The final letterpress part of the job was to print instructions, with a registration website (yes, another example of scope-broadening) and a unique number for each box. These got printed in black, using an auto-incrementing numbering machine for the numbers:

The bottom of the boxes, with instructions, website thisbox.info, and a unique number.

Meanwhile, the lino blocks! The blocks Lisa carved are in themselves things of beauty:

The carved lino block.

Lisa decided to hand-ink each box, using a “rainbow roll” technique we learned at the relief printing workshop, where two colours of ink are rolled out on glass in parallel, with some overlap:

Rainbow rolling red and blue into together on a sheet of glass.
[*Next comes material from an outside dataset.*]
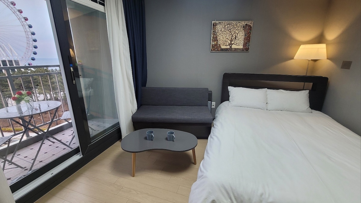 ☆ 객실 리뉴얼 26.2.5 : 부분리모델링, 침구 신설 (서양화 작가님께서 직접 세팅:모던분위기) -전담청소팀이 단독 관리하는 객실 -게스트 수수료 및 별도청소비 없는 객실(셀프퇴실규칙안내) 게스트님의 숙박비용절감을 위해 예약 시 발생되는 에어비앤비 게스트수수료 및 청소비를 호스트가 전액 납부하도록 세팅하고 있습니다. 대신 쓰레기 및 재활용정리 규칙을 준수해주셔야 합니다. [우리 객실 브리핑] 매일아침 바다위로 떠오르는 태양빛을 온전히 감상할 수 있는 예쁜 공간입니다. 매일저녁 달빛으로 물드는 속초바다를 즐기실 수 있는 멋진 공간입니다. 달콤한 파도소리를 자장가삼아 깊은단잠에 빠져들어보세요. 테라스에서 대관람차의 화려한 조명을 배경삼아 나만의 인생한컷 남겨보시면 어떠실까요:) 속초바다와 맞닿은, 우리만의 시간으로 채워지는 로맨틱한 이 곳으로 여러분을 초대합니다♡

We rolled the ink onto the lino block with the brayer for every print, initially on the table and, one we got rolling, on the press itself:

Inking the lino block with a rainbow roll.

To get the lino block to “type high,” we secured some ¾ inch MDF from Home Depot, cut down (at no charge!) to the right size. This took the block to almost exactly type high, with the difference made up in the packing.
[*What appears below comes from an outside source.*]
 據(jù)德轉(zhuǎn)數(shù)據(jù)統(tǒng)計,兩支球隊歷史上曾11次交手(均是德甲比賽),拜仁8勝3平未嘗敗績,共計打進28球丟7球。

Mounted lino block on the letterpress for printing.

Because we opted to hand-ink each box, and because the lino block was slightly larger than our largest brayer, we needed to roll the block in several passes for each box; eventually Lisa settled on a three-brayer scheme that saw the rainbow roll rolled down the middle, with supplementary blue and red on separate brayers. It was a lot of work, but we got it down to a well-oiled printing dance together.

And, of course, every box needed to be printed with two lino blocks, one for each side. It was a process that spread out over almost two weeks.

Lots of boxes, printing with the lino, laying out to dry.

All told, each box was printed seven times: one side each with lino-block, then four separate letterpress-printed messages on different parts of the box, and a final numbering run for the unique box numbers.

The finished box is something we’re both very pleased with:

 The finished box.

With all the boxes printed and the ink dried, all that was left was to assemble each box, fill with two of the three bottles of treats, and then deliver them near and far, explaining the “for good” concept many many times.

Our hope is that boxes get received, refilled, passed on, many times; we built a little website (a Google Form, for now) to allow people to register their box number, so that we can follow their journeys around the world.

I can say with some assurance that I have never been involved in a collaboration—artistic, logistic, design, spirit—as connected as this one was. Lisa and I can both rightfully attest that what emerged from our collaboration was something that neither of us could have arrived at individually. It was a joyful, intimate exercise in creativity. One we hope to repeat over and over.

Yes, James, I like projects.

Comments

Dave Hyndman's picture
Dave Hyndman on December 28, 2023 - 18:23 Permalink

A beautiful gift.

Google Form submitted and about to be passed on. 😊

Norman Finlayson's picture
Norman Finlayson on December 29, 2023 - 09:34 Permalink

Magnificent.

vbj's picture
vbj on December 30, 2023 - 08:18 Permalink

Part ship in a bottle--tossed out into the world, part chain letter--adding something to pass along, and wholly creative & collaborative, plus great karma. What's not to love?

Yvonne Hanson's picture
Yvonne Hanson on January 11, 2024 - 14:17 Permalink

These boxes are amazing! And the story how they came about was very entertaining! Congratulations to both you and Lisa for your success. Creative minds and great negotiation!

Michelle Pineau's picture
Michelle Pineau on January 18, 2024 - 04:55 Permalink

I find this project very interesting and would like to learn more.

Oliver's picture
Oliver on January 21, 2024 - 16:02 Permalink

Beautiful! Also impressive from beginning to end. The debossing (or does "embossing" work?) especially caught me by surprise, as something fancy and new.

Elmine's picture
Elmine on January 25, 2024 - 08:17 Permalink

I love your project so, so much. It felt a bit hard to pass it on so quickly, knowing how much labour you both put in. Nevertheless, we passed on our box to some dear friends. Looking forward to seeing how the box will travel around. And to your next project.